I thank all of you yet again.
Shrub.
An old-fashioned preparation of macerated fruits, sugars, aromatics and vinegar.
Historically, the origins of these cordials can be placed anywhere worldwide from the fifteenth century onwards, with variations involving rum and brandy, sweetened with sugar and flavoured with citrus zests. Early liqueurs, historical drinks mixers if you like. Similar I suppose in a way to medicinal oxymels, flavoured with herbs and honey.
In centuries past, it was a way of using up a glut of berries, plums or soft fruits late in the summer before the onset of the colder months. I still like these old traditions, I feel there is much to learn from the past with how and what we eat. I like to think of how people would have experienced different tastes and flavours long ago in the way that we experience them today
Completely off-topic here but take for instance a cheese sandwich. If you take a slice of crumbly farmhouse cheddar, a strongly flavoured piece that bites in the sinus. Placed on a crust of freshly baked bread, spread thickly with creamy butter, perhaps topped with a pickled onion, it has a reference point for many of us. I like that it tastes the same now as it did to people hundreds of years ago. The same satisfaction in that first mouthful, where people experienced taste in exactly the same way as we do today. The flavours don’t really change. I love that. Shrubs are the same. A preparation using basic ingredients that would have been familiar to people throughout the centuries and is exactly the same today. Like tasting the past.

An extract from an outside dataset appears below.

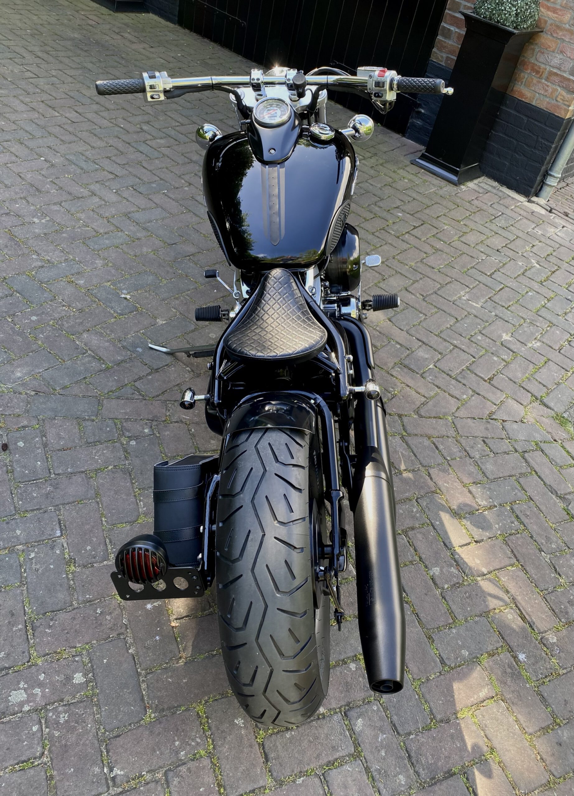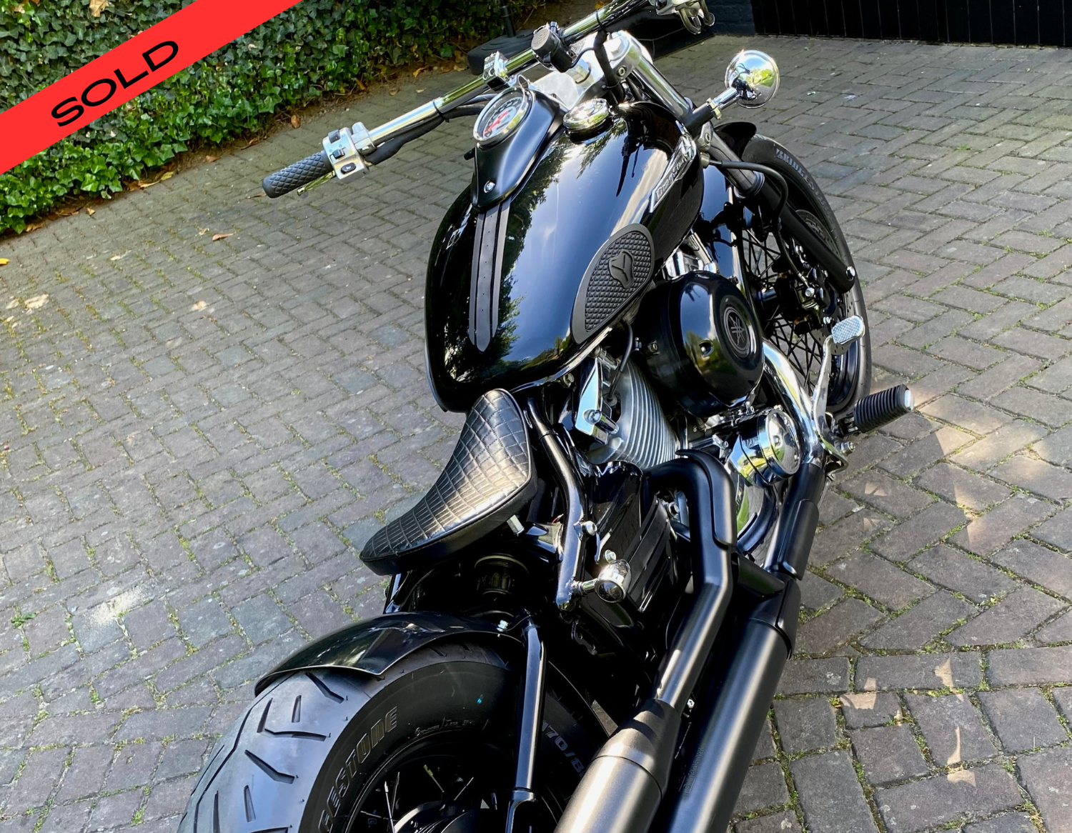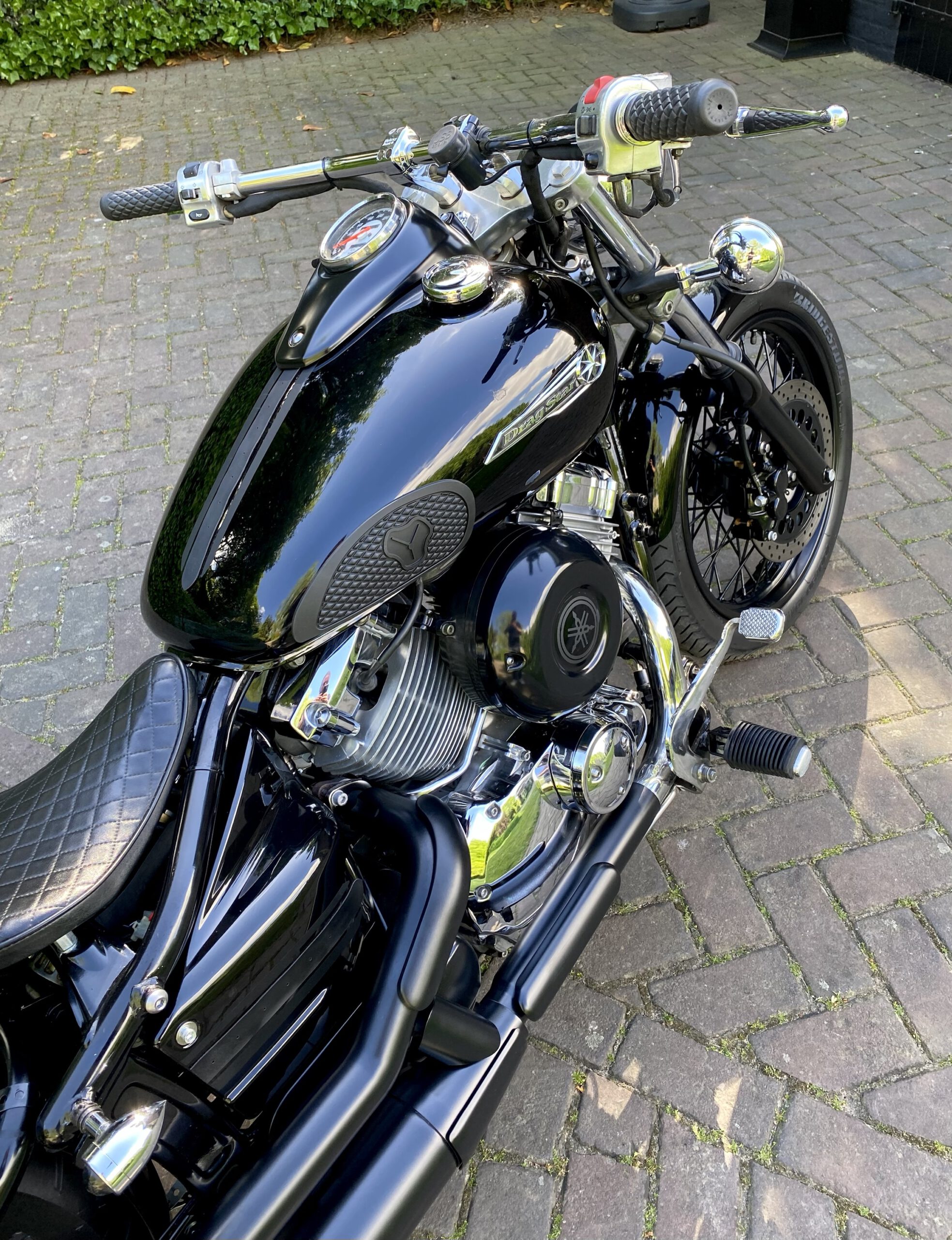 Supergave Dragstar welke geheel is omgebouwd tot bobber, uitgevoerd in full black.

I like to use traditional skills in my work, I like to cook with fire and smoke. I like to salt and preserve. I’m not one for sealing things in plastic bags, and then letting them sit in water baths at fifty-three degrees Celsius to denature the proteins. I’ve seen it, done it professionally and I don’t really like it. I’m also a slight history nerd, ( I have a mudlarking licence for the river Thames, where much to the despair of my wife, I love to pick through layers of medieval history, collecting old buttons, tokens, pins, coins and bone dominos, returning home covered in a muddy crust that follows me through the house no matter how hard I try for it not to). I like that the past is relevant to us every day, no matter how far away it feels.
I digress.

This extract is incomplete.